The Cayenne has taken some time to catch on in popularity. It has shallow water capabilities with a 6-7" draft but can afford you range of covering lots of water with a 70 HP max rating. With a 71" beam this skiff will be the most stable of the two. As far as covering water in comfort, this skiff is amazingly sensitive to trim adjustments which makes for a very dry ride. 

Both pole great, are silent, and offer an angler to fish many different situations. I have owned two SUV's and am getting ready to get into a Cayenne. Either way you will not go wrong, but I am looking forward to a 60 E-tec and the speed and range that goes along with it on the Cayenne.

You best bet is to wet test both and spend some time fishing on both. You will get many great insights and reviews on here but ultimately you have to run and fish the skiff, so it comes down to which one suits your needs better. You may discover another model along the way the may fit the bill better. Based on your criteria you listed, you've started off with two great skiffs.

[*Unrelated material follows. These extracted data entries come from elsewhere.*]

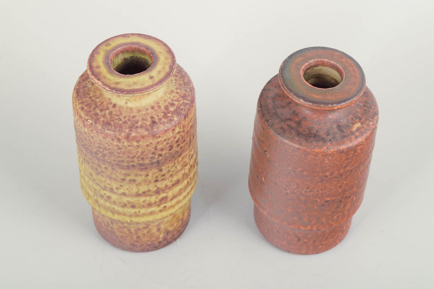Par af hånddrejede stentøjsvaser med karakteristisk Mobach-tekstur og mat, nuanceret glasur i henholdsvis gule og rødbrune toner. De cylindriske former og den taktile overflade er typiske for værkstedets modernistiske udtryk.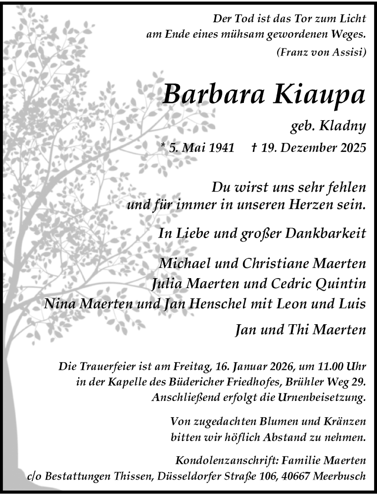 Hier finden Sie alle Traueranzeigen aus der Zeitung, die bisher für Barbara Kiaupa erschienen sind. Weitere Traueranzeigen, die in der Zeitung erscheinen, werden hier ebenfalls aufgelistet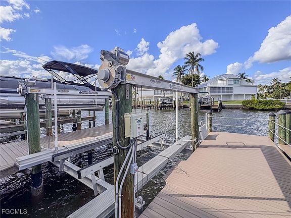 2 DOCKS COMBINED INTO ONE! This combined dock is part of the Casa Marina Yacht Club association and is located behind building 4 at Casa Marina (4341 Bay Beach Lane), on the main channel in the Bay Beach area. The dock has an approximate 14,000 lift to accommodate up to a 36' long and 10' wide boat. (Buyer to verify lift capacity and boat size fit). Composite decking walkaround dock with front extension. Aluminum lift walkway and hinged dock platforms provide ease of access to your boat. Per seller, docks can be split back into separate docks. Casa Marina's convenient location means you could be boating in the open waters of the Gulf of Mexico in approximately 15 minutes or travel Estero Bay to our fun north end waterfront restaurants, bars, etc. Estero Bay fishing is only minutes away. Water and electric included. 2024 annual Casa Marina Yacht Club association fee: $1000.00 (including taxes, water and electric). Sales application fee: $150. Must be an owner on Bay Beach Lane to purchase. Casa Marina unit 644 (4341 Bay Beach Lane, located in front of dock) is available for optional purchase.

Good luck in your search.


----------



## paint it black (Nov 3, 2007)

I personally love the Cayenne. We picked one up last September and it's been phenomenal. I haven't spent much time in the SUV, but I'm sure it'll do well. I have owned two Copperhead's (both Gen 1 and Gen 2) and currently have the Shadowcast 17 non tunnel prototype, and the Cayenne. I've loved all the skiffs. 

I'm looking at adding a Saltmarsh to the fleet as a puddle jumper, for it truly is an incredible little skiff.


----------



## RonBari (Jun 30, 2012)

Not much to add to what Shadowcast and PIB said.. except that for three years our SUV-17 has taken us from the shallowest of shallows to across choppy bays and even a few miles offshore on nice days. Still happy with the boat, and we still enjoy a great relationship with the folks at the company that built it.


----------



## jmrodandgun (Sep 20, 2013)

I have an SUV and I couldn't imagine a boat floating any more shallow. I'm sure there are some out there that might be able to sneak in another inch but once you get it down to less than 5 inches it's pretty much bragging rights. At least that's how I feel here in Louisiana where we have a soft mud bottom. 

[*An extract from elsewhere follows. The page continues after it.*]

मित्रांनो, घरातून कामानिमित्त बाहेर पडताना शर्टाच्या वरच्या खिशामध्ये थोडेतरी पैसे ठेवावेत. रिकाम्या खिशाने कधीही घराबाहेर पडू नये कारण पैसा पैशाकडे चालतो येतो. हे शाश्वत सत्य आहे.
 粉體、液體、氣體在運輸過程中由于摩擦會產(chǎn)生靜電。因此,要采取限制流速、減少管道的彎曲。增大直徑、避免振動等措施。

The only complaint I have about my SUV is it likes to bow steer in chop. It's fine once you learn what causes it, for me it's usually heavy quartering chop with too much weight forward. It's really spooky the first couple of times it happens. It will throw you on your ass if you standing while driving the tiller. 

I do not have trim tabs, perhaps it would correct this problem. I have found that simply backing off the throttle fixes 95% of bow steer. 

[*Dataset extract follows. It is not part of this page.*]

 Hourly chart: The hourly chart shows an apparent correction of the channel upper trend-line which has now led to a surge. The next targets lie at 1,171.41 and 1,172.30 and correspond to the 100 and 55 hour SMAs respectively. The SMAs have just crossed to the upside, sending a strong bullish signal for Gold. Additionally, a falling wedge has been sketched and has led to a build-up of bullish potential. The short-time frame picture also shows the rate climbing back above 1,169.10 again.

After having the opportunity to fish out of a some high end poling skiffs, I don't find that any of them do anything any better or worse than the SUV. It's a good little hull. Mine wouldn't win any beauty contests but the fish don't seem to mind.


----------



## RonBari (Jun 30, 2012)

SUV Bow steer... 
The sharp nose entry works wonders to cut through chop improving the ride, but will dig in when encountering large quartering wakes or small swells. . 
What we do: Lift the trim tabs all the way up and tilt the motor up a bit to lift the nose and back off to 25 mph.  This works for us to correct the problem without re-distributing the load ..even with my wife sitting on the guide box cushion in front of the console.


----------



## permitchaser (Aug 26, 2013)

That's what I am going to call my Cooler Seat in front of the console "Guide Box " 

Thanks


----------



## Shadowcast (Feb 26, 2008)

> I do not have trim tabs, perhaps it would correct this problem. I have found that simply backing off the throttle fixes 95% of bow steer.


That is the best remedy. I always allow wet testers to experience the bow steer and the show them what happens I'd you slow it down. Then there's no surprises. Nevertheless, a grab bar is a must if you are running a tiller.


----------



## wilmat (May 7, 2015)

Thanks for the feedback guys. Much appreciated.


----------



## RonBari (Jun 30, 2012)

> That's what I am going to call my Cooler Seat in front of the console "Guide Box "
> 
> Thanks


Yes... One might think that a "guide box" would actually be more expensive than a "cooler seat" because it is larger, oriented front to back, and therefore opens from the side. ... but NO.. same price !! (Our "cooler seat"/"guide box" on the SUV is actually the live well)


----------



## permitchaser (Aug 26, 2013)

My bad mine will have to be called a Cooler Seat cause it opens from the front and it's not expensive or is it a live well

Oh well if I put a seat on it maybe...


----------



## LLeone (Apr 8, 2015)

Can anyone comment on the handling characteristics of the Shadowcast hulls?


----------



## Shadowcast (Feb 26, 2008)

For what it is, a 240# skiff, the 16 really does well. It is as dry as one can expect from a small skiff. You will experience the weight sensitivity as the hull has a 55" beam. As far as handling a chop, I thought it did fine. You just have to be smart. I started mine with a 9.9 HP and bumped up to a 20 HP and really saw its performance take off. It poles like a dream and is dead silent.


----------



## LLeone (Apr 8, 2015)

Good to hear. 
Thanks, Jon.


----------



## paint it black (Nov 3, 2007)

I have the 17 non tunnel Shadowcast. I love the skiff. It handles great, super stable, floats in like 2-3" of water, silent, super dry, my top speed is 29.9 mph with a 25 two stroke, two anglers and all gear. Turns great, poles great, shoots right up on plane.


----------



## LLeone (Apr 8, 2015)

Quit rubbing that non T 17 in my face, Eric lol. 
I'm trying to pick up a 16, 18, or SUV used and it's a hell of a hunt so far.
Thanks for the info.


----------



## paint it black (Nov 3, 2007)

You can buy my 17 used.


----------



## Shadowcast (Feb 26, 2008)

> I'm trying to pick up a 16, 18, or SUV used and it's a hell of a hunt so far.


There's a reason for that....


----------



## LLeone (Apr 8, 2015)

> > I'm trying to pick up a 16, 18, or SUV used and it's a hell of a hunt so far.
> 
> 
> There's a reason for that....


I'll take it as a good sign.


----------



## crw91383 (Jan 10, 2013)

Had my Svadowcast 16 now going on 3 weeks and couldn't be happier with it. Had her on the water about 10 times since I got her not including the runs we did in florida when we picked her up. Performs well with the 20hp and does decent in chop. Super light, poles well and very quiet.


----------



## capt_gordon (Sep 10, 2007)

For the longer trips in the LA areas you will want the Cayenne with bigger hp rating and generally better for long range fishing.


----------